The city issued new building permits for an estimated 4,294 residential units in the first two months of 2017, a sizeable improvement over 2016’s anemic start, when fewer than 1,300 units were approved for construction, according to a new analysis of building permits by The Real Deal.
If you’re pounding your desk and shouting “I knew it: developers are building big rentals without 421a,” it’s a little more complicated than that, for now.
Although the increase in permitted units over the last several months indicates a more robust new development pipeline, there’s reason to believe that some of these new projects were already approved for 421a during the epic permit rushes of 2015, and could qualify with a much more limited construction permit.

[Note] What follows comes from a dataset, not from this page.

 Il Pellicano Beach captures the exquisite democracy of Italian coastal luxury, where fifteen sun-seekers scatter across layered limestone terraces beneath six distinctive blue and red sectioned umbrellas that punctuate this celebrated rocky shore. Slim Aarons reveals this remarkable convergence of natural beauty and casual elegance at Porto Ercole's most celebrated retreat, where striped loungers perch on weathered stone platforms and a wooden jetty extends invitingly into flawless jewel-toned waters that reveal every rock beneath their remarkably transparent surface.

Take Hudson Companies’ 350 Clarkson Avenue in Flatbush for example, a 350-unit rental building that got its new building permit approved in January. Hudson Companies’ CEO David Kramer told TRD he already qualified for the now-expired 421a abatement more than a year ago, doing so with only a basic foundations permit. Following rule changes in 2015, developers don’t need the full new building permit just to qualify for the tax exemption.
It’s unclear just how many large-scale projects approved over the last 15 months would fall into that category, but many of the large projects approved so far this year have some kind of other public financing other than or on top of 421a, too. BRP Companies, for example, received a $324 million loan from the city’s Housing Development Corporation for two buildings at the 659-unit development known as The Crossing in Jamaica, Queens. Another HDC-backed affordable housing project, the 303-unit 443 East 126nd Street in the Bronx, also got permits in January.

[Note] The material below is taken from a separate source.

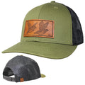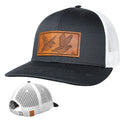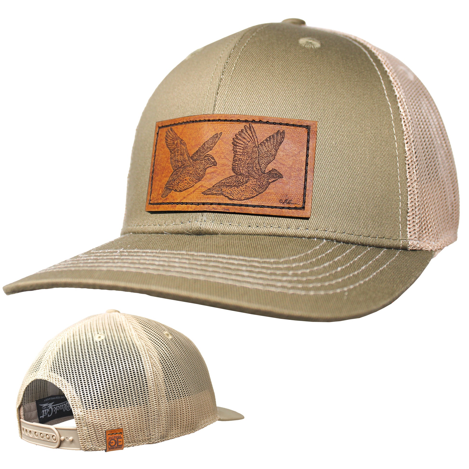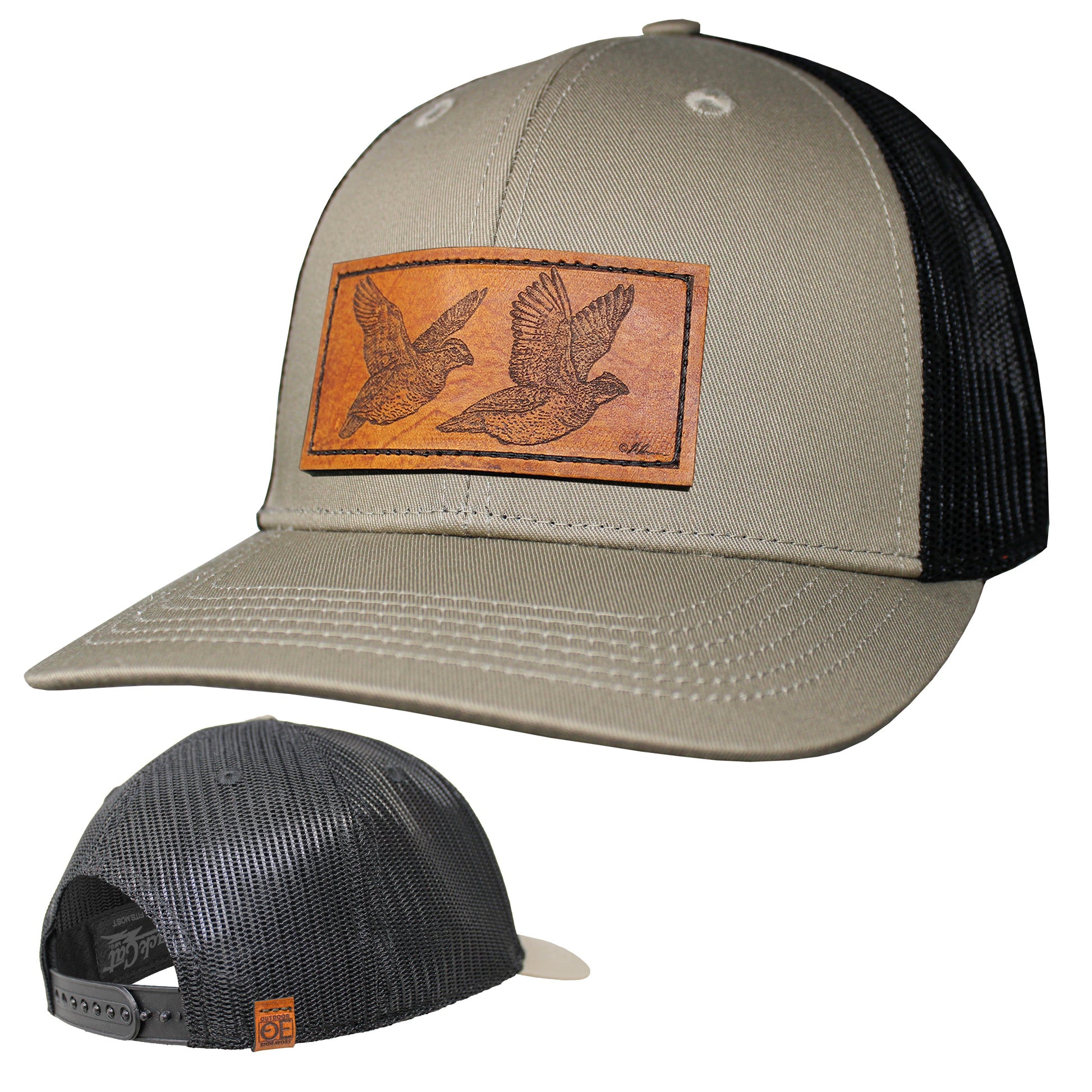 6 panel mid profile trucker cap with plastic closure. Moisture wicking fabrics on sweatband and inner front panel for best performance comfort. Decorated with a quality genuine leather patch with Quail illustration from Matt Herman. Available in 2 colors for limited time!

GID Development Group had two buildings totaling 532 units in its Riverside Center redevelopment permitted, following $220 million in tax-exempt Housing Finance Agency bonds it received for construction.

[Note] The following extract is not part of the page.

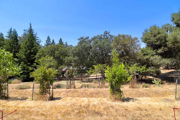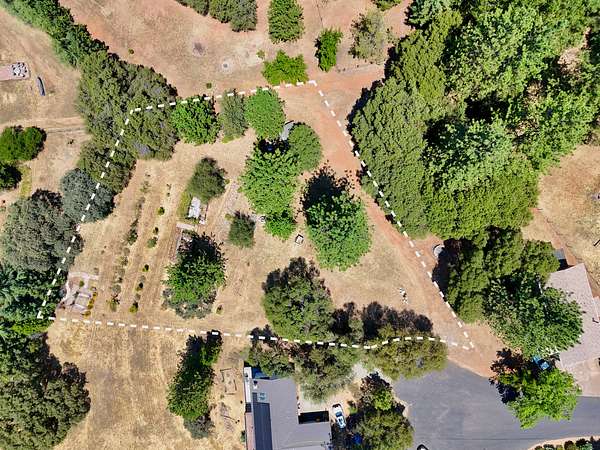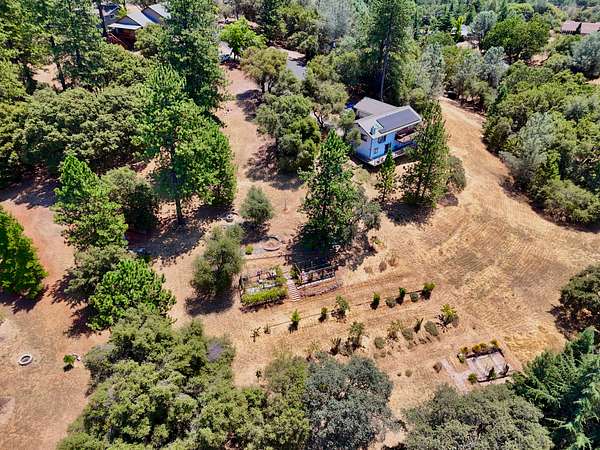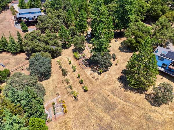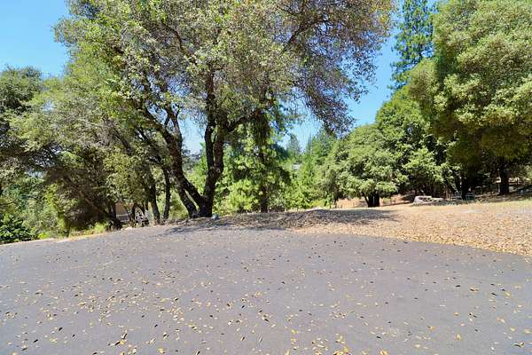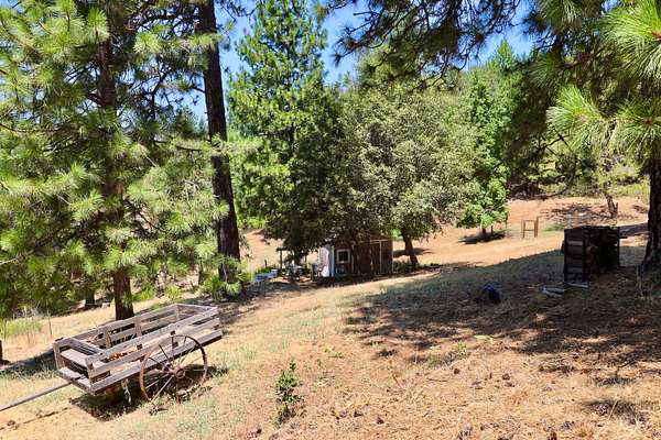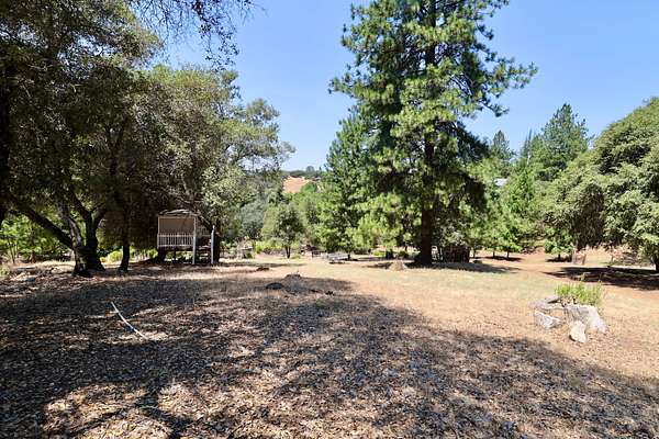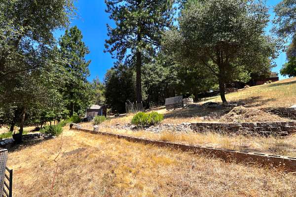 Build ready property in Cool California with a water meter already installed and completed house and septic plans included. This peaceful parcel in Auburn Lake Trails features a terraced garden, a shed, firewood storage, an antique wagon, and a seating area, creating a charming outdoor setting surrounded by trees and gentle terrain.

Other sizeable projects approved include the 70-unit residential condominium tower Daten Group is bringing to Brooklyn’s South Slope neighborhood at 581 4th Avenue.
Taking a look at the number of new multifamily applications (not yet permitted) of at least 10 units does not reveal any recent spikes in plans, so from the data available there’s no reason to believe that large-scale projects are entering the approval pipeline at an accelerated rate. Last year, less than 22,000 new units from projects of any size were applied for, down from more than 37,000 in 2015, a TRD analysis showed.
In January, Gov. Andrew Cuomo proposed a replacement to the expired 421a developer tax exemption, christening it “Affordable New York.” A new tax exemption will still need to pass the state legislature, and as budget discussions wrap later this month there should finally be some movement on that front (although crazier things have happened).
A recent analysis by the city’s Independent Budget Office estimates that Cuomo’s 421a replacement will cost the city $8.4 billion in foregone tax revenue over 10 years. The Cuomo camp maintains that the new program will bring significantly more affordable housing, making it worth the bigger price tag. The plan pushes the percentage of units required to be affordable to 30 percent in many cases, but also lifts the rent-stabilization requirements for many of the market-rate units built with the subsidy.
Although affordability requirements have risen in recent years, the 421a program has mostly subsidized market-rate apartments over it’s more than four-decade history. A December analysis by NYU’s Furman Center found that less than 15 percent of 421a properties contain rent-restricted units.